**Activity:**
Nothing but a number is wanted: the count of lines in the records below that include "with".

**Records for this task:**
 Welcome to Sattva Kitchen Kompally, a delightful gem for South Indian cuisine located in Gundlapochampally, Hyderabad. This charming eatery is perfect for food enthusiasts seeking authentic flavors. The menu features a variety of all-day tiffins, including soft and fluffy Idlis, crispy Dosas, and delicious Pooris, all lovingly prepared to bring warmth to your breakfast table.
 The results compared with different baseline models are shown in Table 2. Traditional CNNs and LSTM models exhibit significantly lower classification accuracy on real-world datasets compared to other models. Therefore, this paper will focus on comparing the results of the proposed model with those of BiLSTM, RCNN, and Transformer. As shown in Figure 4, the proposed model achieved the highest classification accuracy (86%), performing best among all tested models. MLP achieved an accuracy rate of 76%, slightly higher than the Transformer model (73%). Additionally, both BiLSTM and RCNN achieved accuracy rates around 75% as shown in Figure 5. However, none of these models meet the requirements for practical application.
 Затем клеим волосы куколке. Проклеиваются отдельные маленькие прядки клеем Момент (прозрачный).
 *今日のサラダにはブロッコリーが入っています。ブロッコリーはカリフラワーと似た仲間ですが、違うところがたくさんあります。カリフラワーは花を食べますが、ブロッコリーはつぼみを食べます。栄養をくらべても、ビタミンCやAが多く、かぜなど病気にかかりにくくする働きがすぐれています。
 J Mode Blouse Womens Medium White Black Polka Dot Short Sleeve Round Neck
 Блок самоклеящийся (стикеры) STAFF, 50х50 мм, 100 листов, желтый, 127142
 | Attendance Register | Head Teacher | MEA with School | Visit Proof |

* * *

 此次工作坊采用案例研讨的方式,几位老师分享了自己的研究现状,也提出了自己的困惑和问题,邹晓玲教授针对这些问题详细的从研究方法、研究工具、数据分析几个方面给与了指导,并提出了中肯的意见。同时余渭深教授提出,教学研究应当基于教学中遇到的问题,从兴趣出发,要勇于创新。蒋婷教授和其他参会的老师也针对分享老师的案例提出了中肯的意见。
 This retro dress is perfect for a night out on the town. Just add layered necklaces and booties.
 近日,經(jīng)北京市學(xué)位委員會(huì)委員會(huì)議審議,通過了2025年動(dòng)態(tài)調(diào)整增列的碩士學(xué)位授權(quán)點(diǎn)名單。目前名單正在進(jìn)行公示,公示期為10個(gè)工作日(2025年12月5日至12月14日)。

**Completed exercise:**
2